Hundreds of bills passed by the House remain pending in the Senate, which has been called McConnell’s legislative “graveyard.”

Durbin wasn’t quite as direct, but laid out a similar argument on the Senate floor. He bemoaned how COVID-19 relief for local governments had been dropped from the compromise bill, saying, “State and local government assistance I support completely. I know what the cities, my counties, and what my state have gone through. They need our help.”

He concluded by taking on McConnell, saying, “And finally, the issue of liability and immunity from liability. This is one raised by Sen. McConnell for months. He basically said that nothing is moving until he gets a provision, which I find objectionable, originally offered by Sen. (John) Cornyn.

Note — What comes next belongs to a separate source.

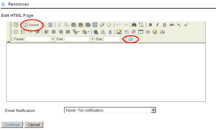 To insert this code, switch to the ‘Source’ view within the editor; you may also find it useful to show a full screen version of the editor.
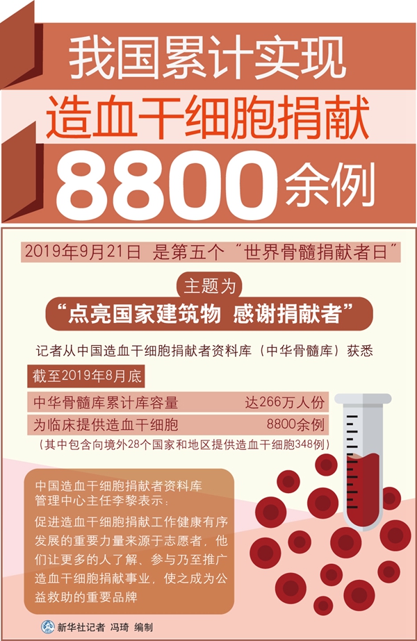 新华社西安9月21日电(记者蔺娟 吴鸿波)记者从中国造血干细胞捐献者资料库(中华骨髓库)获悉,截至2019年8月底,中华骨髓库累计库容量已达266万人份,为临床提供造血干细胞8800余例,其中包含向境外28个国家和地区提供造血干细胞348例。

Here’s what it comes down to — should people be able to go to court if they believe they have been harmed or members of their family have died as a result of the wrongdoing by people during this COVID-19 pandemic? … We should leave the possibility open that those responsible for their actions need to be held accountable in court.”

Durbin touted that the compromise does include 16 more weeks of unemployment insurance, including so-called gig workers under the Pandemic Unemployment Assistance program, along with replenishing the Paycheck Protection Program, extension of the national eviction moratorium through January, and additional funding for COVID-19 testing and vaccine distribution, as well as increased funding for food stamps and for public transportation.

Congressional negotiations continue, with the outside possibility that aid for local governments as well as restaurants and bars under the Restaurants Act could be included at the 11th hour before Congress recesses for the year as part of an omnibus spending bill.